• [DESCRIPTION OF THE TASK]:
Begin at the top of the records below and print each line exactly until the line containing "Green dinosaur and pink dinosaur emoji" has been printed; any pictures are to be left out.

══ DATA TO PROCESS

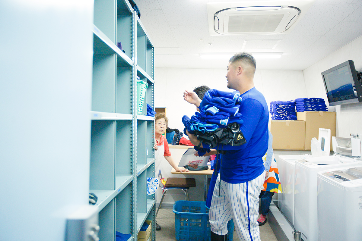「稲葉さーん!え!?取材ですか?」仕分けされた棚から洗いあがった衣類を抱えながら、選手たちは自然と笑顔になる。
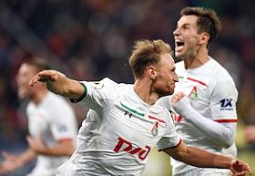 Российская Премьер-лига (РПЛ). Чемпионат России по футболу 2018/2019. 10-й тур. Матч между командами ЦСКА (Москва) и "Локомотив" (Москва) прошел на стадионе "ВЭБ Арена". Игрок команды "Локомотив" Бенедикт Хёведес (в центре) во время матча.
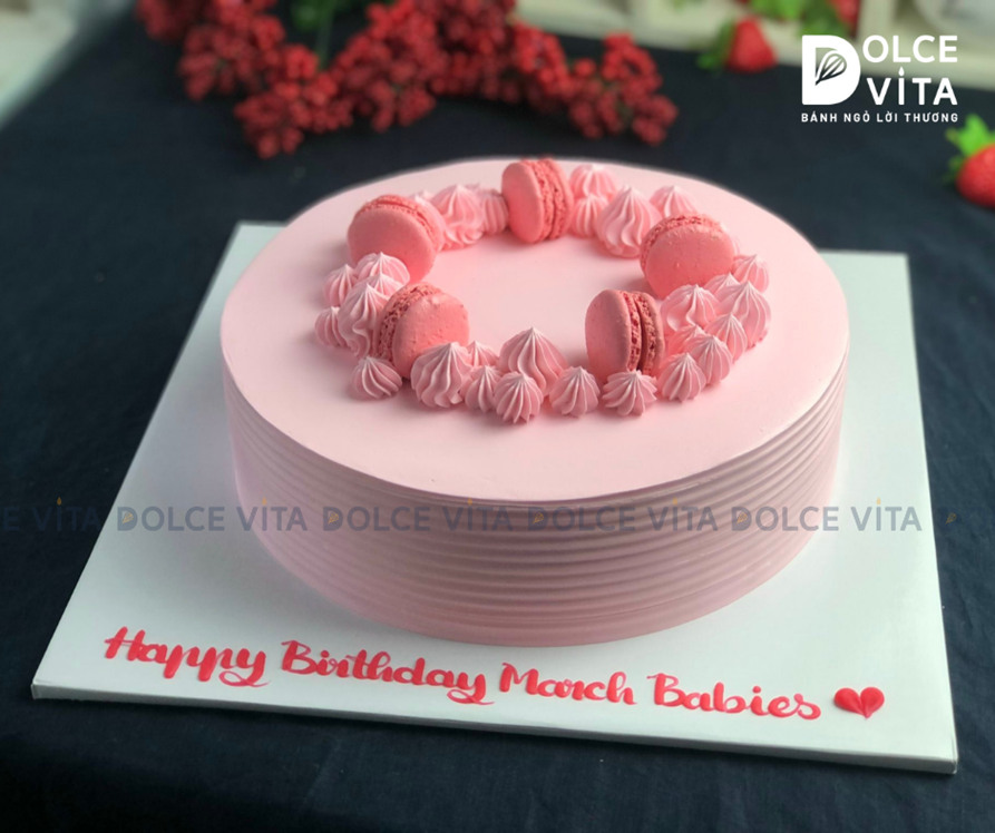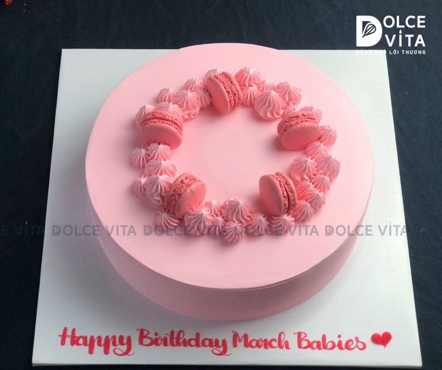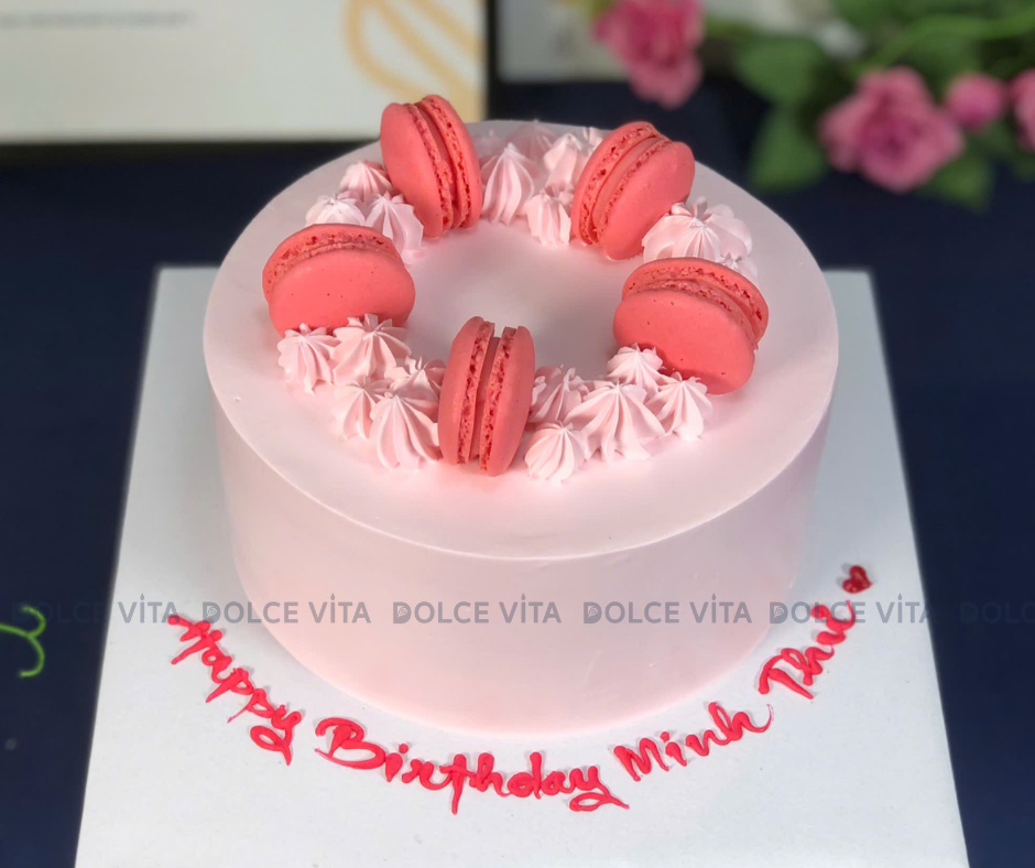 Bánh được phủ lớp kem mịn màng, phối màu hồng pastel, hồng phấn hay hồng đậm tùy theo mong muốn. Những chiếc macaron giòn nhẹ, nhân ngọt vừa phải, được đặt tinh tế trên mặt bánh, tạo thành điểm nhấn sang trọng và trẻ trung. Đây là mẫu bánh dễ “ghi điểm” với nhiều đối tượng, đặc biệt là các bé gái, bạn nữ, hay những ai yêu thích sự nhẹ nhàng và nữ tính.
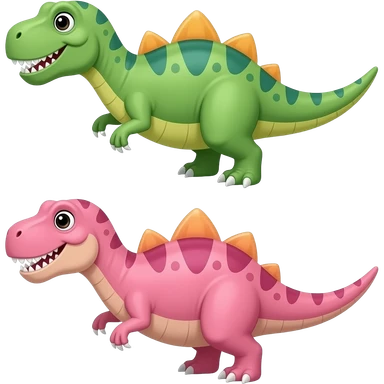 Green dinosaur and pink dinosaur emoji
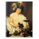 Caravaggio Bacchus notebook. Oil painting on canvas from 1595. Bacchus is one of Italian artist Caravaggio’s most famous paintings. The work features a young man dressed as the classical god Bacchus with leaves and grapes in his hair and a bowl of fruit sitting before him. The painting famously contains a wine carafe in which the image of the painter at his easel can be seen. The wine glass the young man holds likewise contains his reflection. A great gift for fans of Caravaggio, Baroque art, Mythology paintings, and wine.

════

• [RESPONSE]:
「稲葉さーん!え!?取材ですか?」仕分けされた棚から洗いあがった衣類を抱えながら、選手たちは自然と笑顔になる。
 Российская Премьер-лига (РПЛ). Чемпионат России по футболу 2018/2019. 10-й тур. Матч между командами ЦСКА (Москва) и "Локомотив" (Москва) прошел на стадионе "ВЭБ Арена". Игрок команды "Локомотив" Бенедикт Хёведес (в центре) во время матча.
 Bánh được phủ lớp kem mịn màng, phối màu hồng pastel, hồng phấn hay hồng đậm tùy theo mong muốn. Những chiếc macaron giòn nhẹ, nhân ngọt vừa phải, được đặt tinh tế trên mặt bánh, tạo thành điểm nhấn sang trọng và trẻ trung. Đây là mẫu bánh dễ “ghi điểm” với nhiều đối tượng, đặc biệt là các bé gái, bạn nữ, hay những ai yêu thích sự nhẹ nhàng và nữ tính.
 Green dinosaur and pink dinosaur emoji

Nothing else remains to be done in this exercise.